**Given information**
- Opening Delimiter -

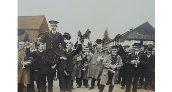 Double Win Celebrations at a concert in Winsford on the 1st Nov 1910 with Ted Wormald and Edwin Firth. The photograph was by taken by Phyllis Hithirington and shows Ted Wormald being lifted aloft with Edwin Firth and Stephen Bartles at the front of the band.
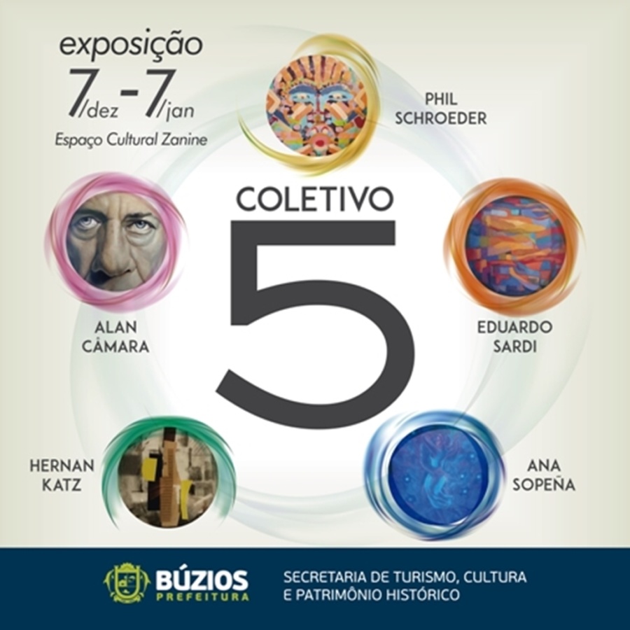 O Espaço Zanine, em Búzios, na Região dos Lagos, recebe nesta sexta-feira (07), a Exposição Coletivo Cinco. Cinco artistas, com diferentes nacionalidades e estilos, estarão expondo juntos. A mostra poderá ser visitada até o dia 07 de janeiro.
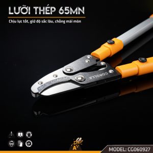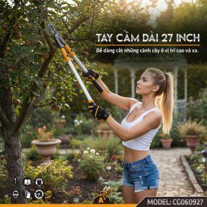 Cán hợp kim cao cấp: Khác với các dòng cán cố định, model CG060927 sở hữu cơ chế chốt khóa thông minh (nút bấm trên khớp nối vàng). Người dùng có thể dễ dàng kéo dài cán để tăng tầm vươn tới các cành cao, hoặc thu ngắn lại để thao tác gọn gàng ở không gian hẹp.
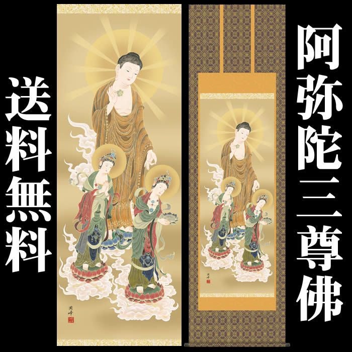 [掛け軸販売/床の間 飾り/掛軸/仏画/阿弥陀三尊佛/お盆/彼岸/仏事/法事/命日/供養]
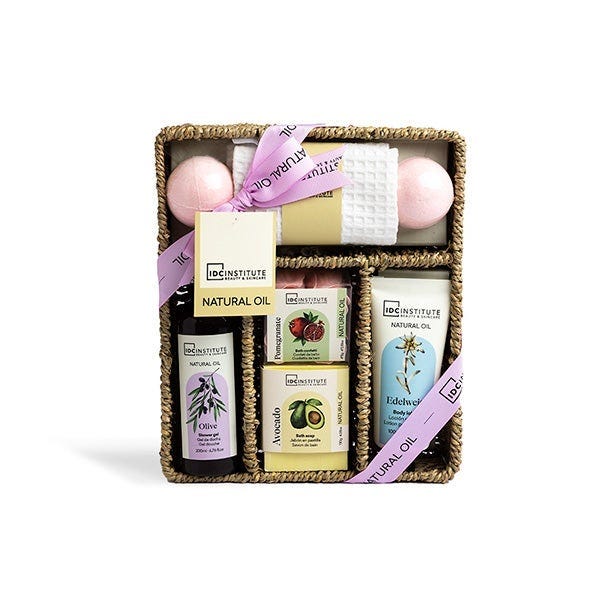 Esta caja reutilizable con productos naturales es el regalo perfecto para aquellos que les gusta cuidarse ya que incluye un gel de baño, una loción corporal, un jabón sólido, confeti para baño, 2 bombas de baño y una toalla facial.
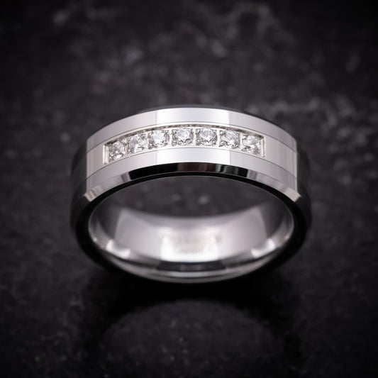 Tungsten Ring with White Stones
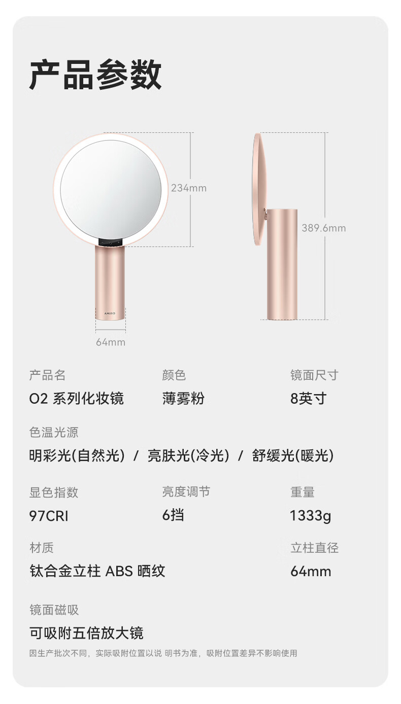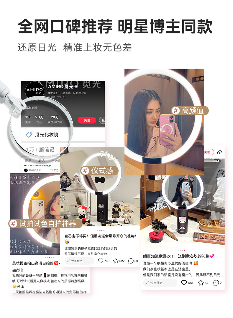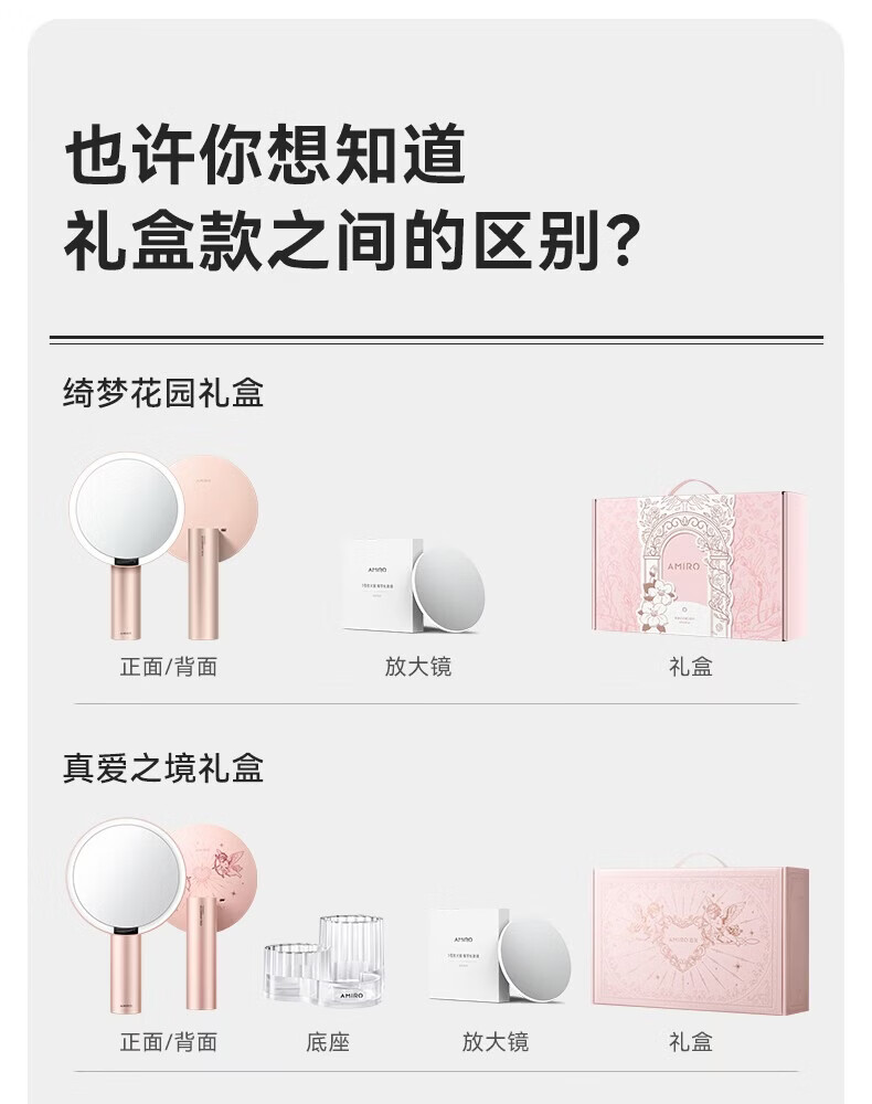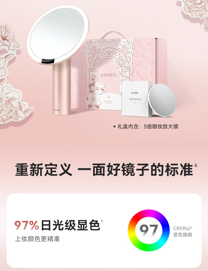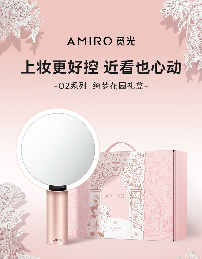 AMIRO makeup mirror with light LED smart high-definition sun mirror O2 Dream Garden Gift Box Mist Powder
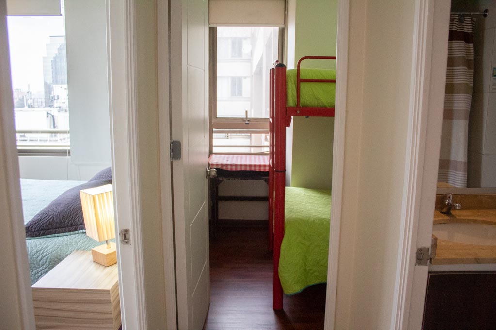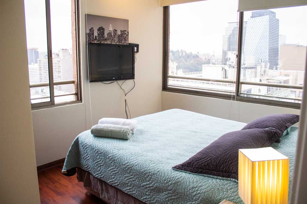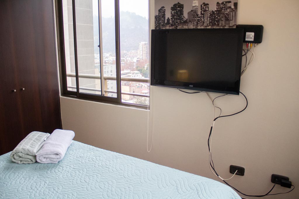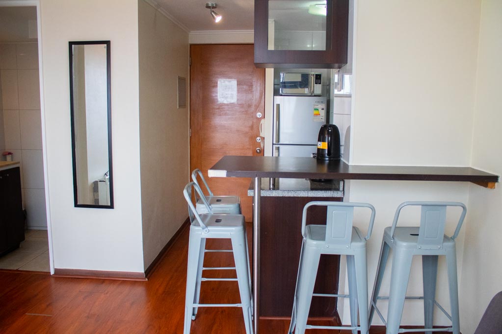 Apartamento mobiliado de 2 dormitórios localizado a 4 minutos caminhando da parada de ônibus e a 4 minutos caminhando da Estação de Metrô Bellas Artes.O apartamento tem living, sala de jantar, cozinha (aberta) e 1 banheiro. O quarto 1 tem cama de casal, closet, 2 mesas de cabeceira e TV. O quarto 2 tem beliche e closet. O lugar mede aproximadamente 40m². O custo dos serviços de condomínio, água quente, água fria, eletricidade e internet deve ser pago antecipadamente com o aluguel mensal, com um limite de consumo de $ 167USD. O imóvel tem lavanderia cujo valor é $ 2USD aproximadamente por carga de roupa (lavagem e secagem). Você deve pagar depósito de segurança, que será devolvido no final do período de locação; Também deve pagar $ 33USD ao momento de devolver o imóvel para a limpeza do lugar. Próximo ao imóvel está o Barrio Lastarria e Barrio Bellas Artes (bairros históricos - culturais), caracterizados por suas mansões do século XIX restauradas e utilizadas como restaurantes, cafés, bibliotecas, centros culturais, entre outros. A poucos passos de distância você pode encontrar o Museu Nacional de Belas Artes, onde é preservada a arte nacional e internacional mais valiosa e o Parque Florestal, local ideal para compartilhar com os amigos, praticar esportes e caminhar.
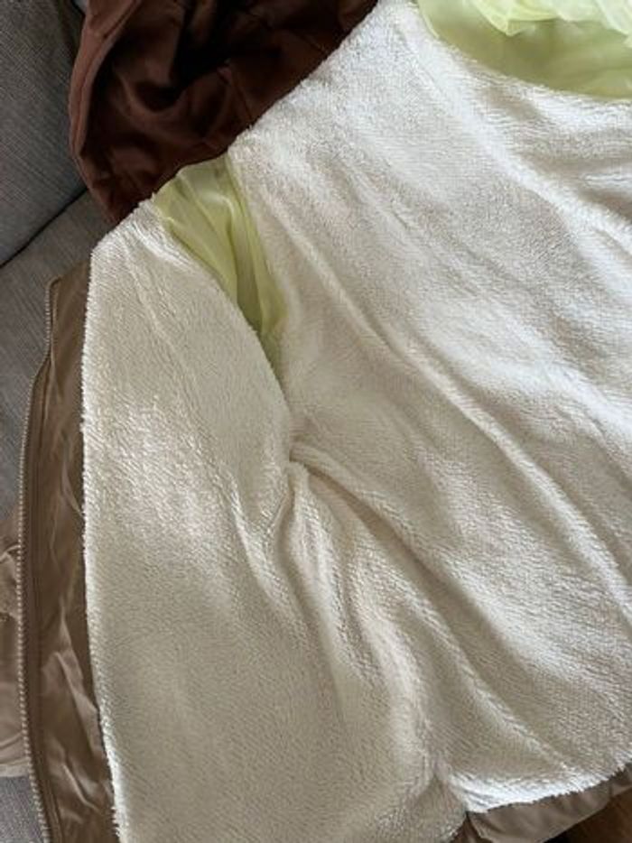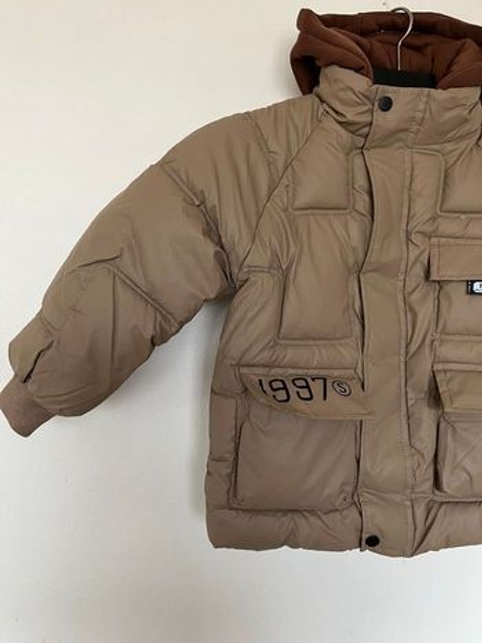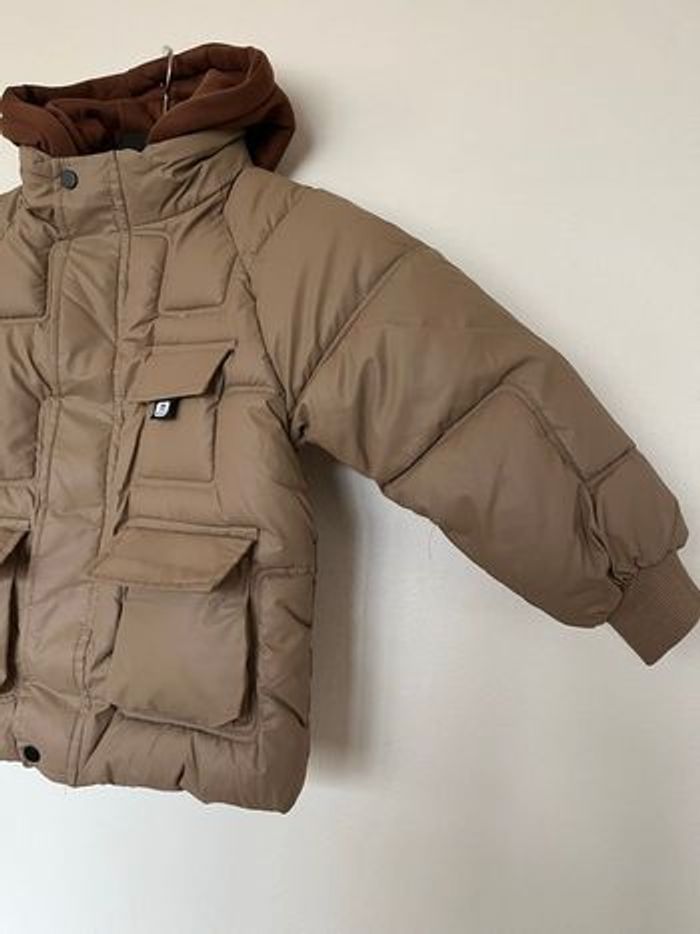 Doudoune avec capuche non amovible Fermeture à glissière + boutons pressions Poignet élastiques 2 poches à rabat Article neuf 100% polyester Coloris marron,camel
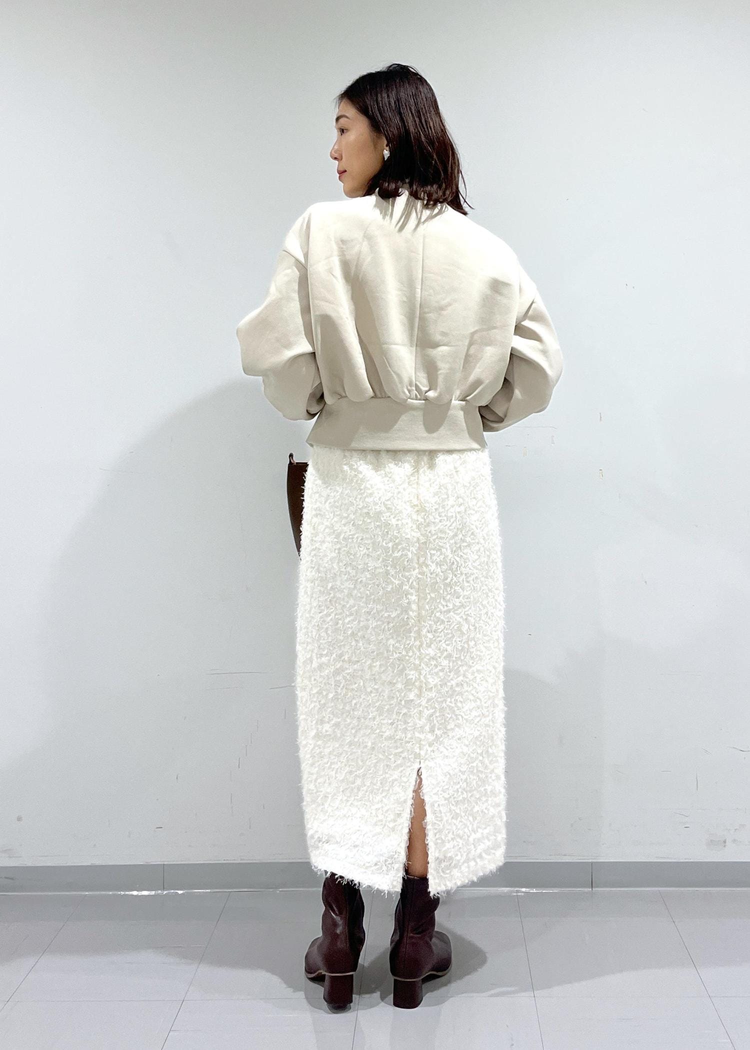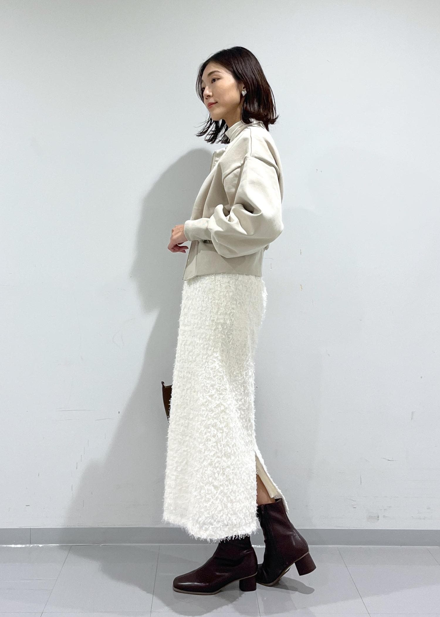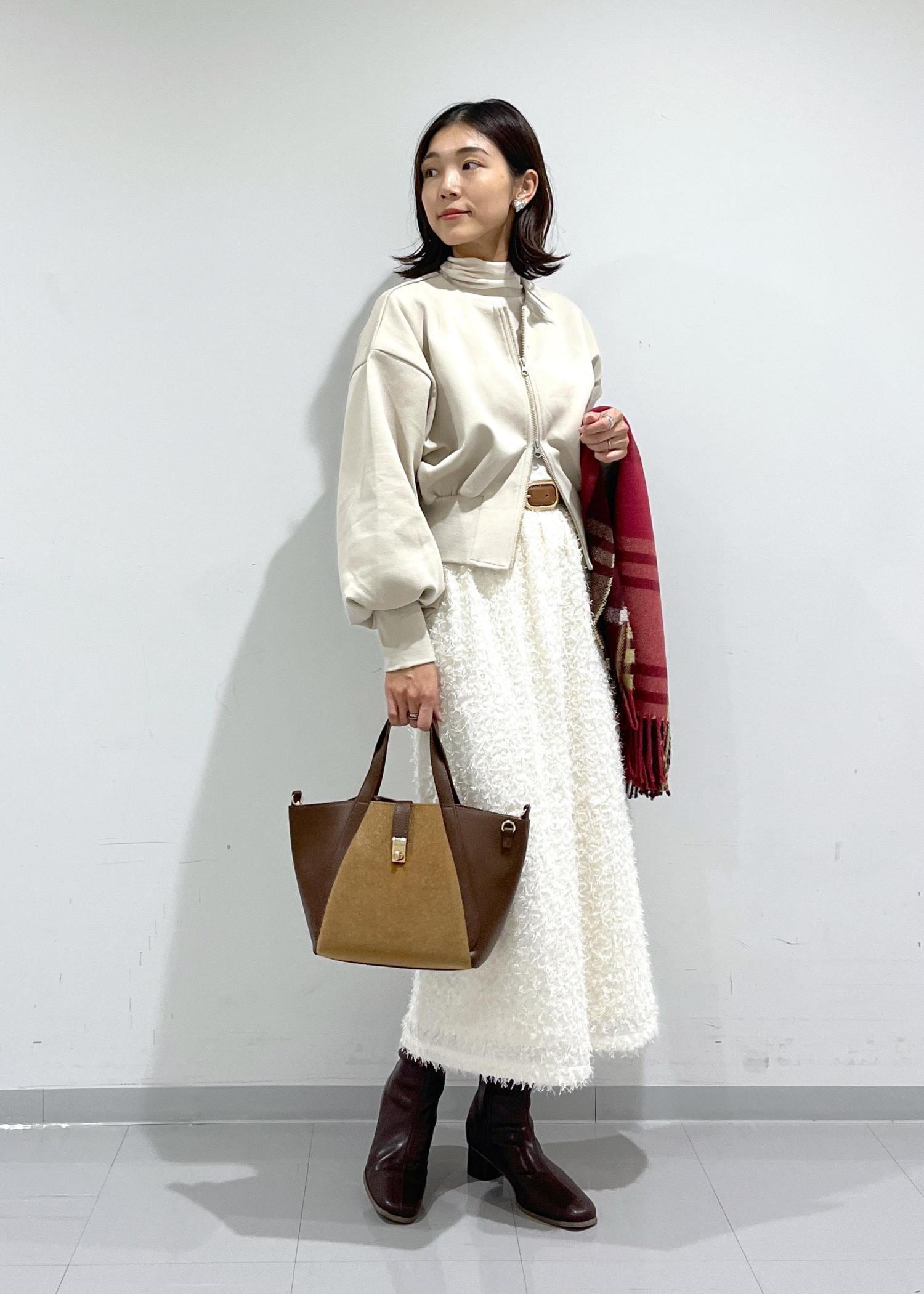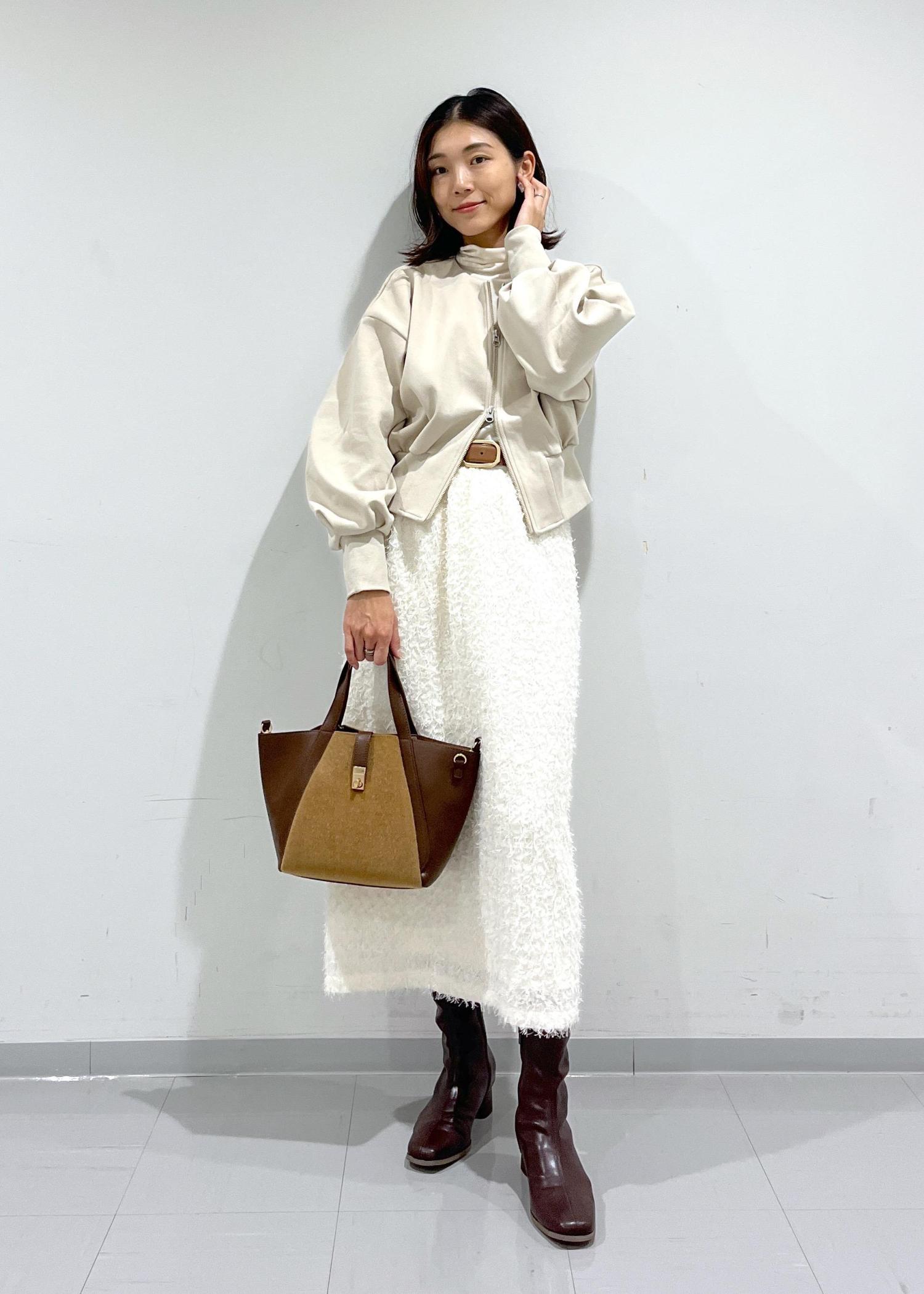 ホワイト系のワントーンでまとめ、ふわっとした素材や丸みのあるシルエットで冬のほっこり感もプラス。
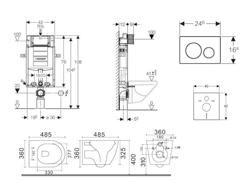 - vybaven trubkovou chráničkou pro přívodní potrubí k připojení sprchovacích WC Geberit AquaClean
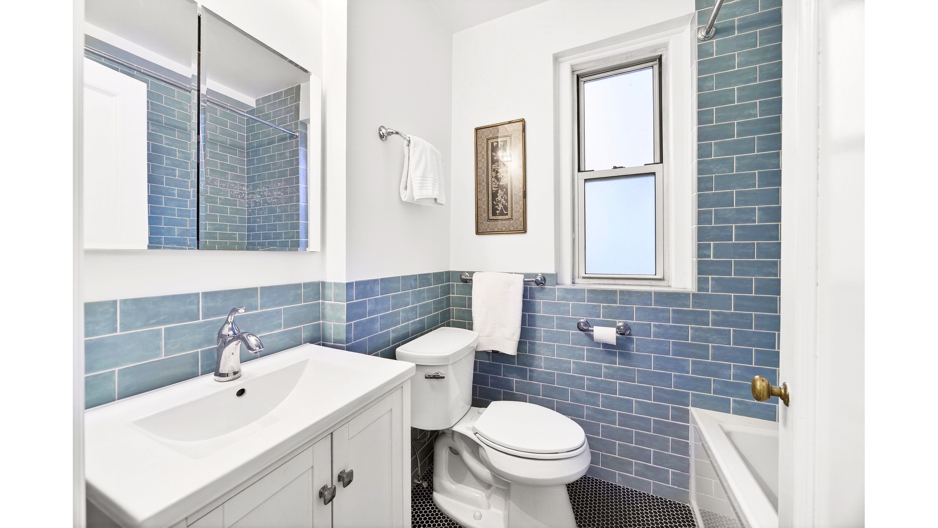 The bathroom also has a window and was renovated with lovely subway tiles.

- Closing Delimiter -

**What to produce**
Please set down, exactly and with no pictures, the lines in the entries above starting at the one holding "[掛け軸販売/床の間 飾り/" and ending at the one holding "Tungsten Ring with White Stones", ends included.

**Response below**
 [掛け軸販売/床の間 飾り/掛軸/仏画/阿弥陀三尊佛/お盆/彼岸/仏事/法事/命日/供養]
 Esta caja reutilizable con productos naturales es el regalo perfecto para aquellos que les gusta cuidarse ya que incluye un gel de baño, una loción corporal, un jabón sólido, confeti para baño, 2 bombas de baño y una toalla facial.
 Tungsten Ring with White Stones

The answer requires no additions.